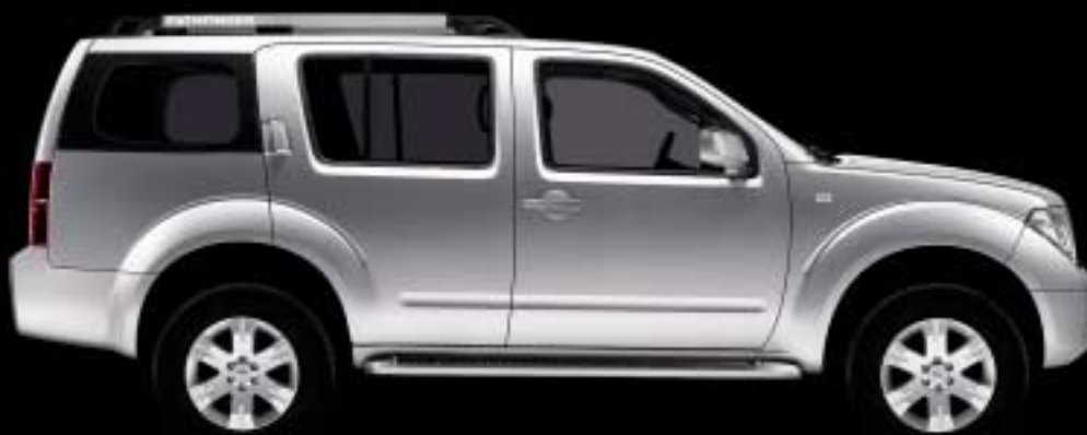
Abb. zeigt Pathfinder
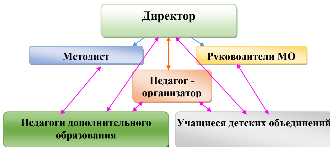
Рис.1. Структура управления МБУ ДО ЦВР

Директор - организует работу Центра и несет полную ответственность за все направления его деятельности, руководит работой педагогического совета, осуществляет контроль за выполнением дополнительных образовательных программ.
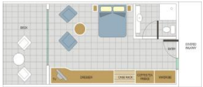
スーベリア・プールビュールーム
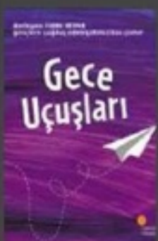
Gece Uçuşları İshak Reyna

[Required work] With images omitted, output the data exactly as given.

[Task result]
Abb. zeigt Pathfinder
Рис.1. Структура управления МБУ ДО ЦВР

Директор - организует работу Центра и несет полную ответственность за все направления его деятельности, руководит работой педагогического совета, осуществляет контроль за выполнением дополнительных образовательных программ.
スーベリア・プールビュールーム
Gece Uçuşları İshak Reyna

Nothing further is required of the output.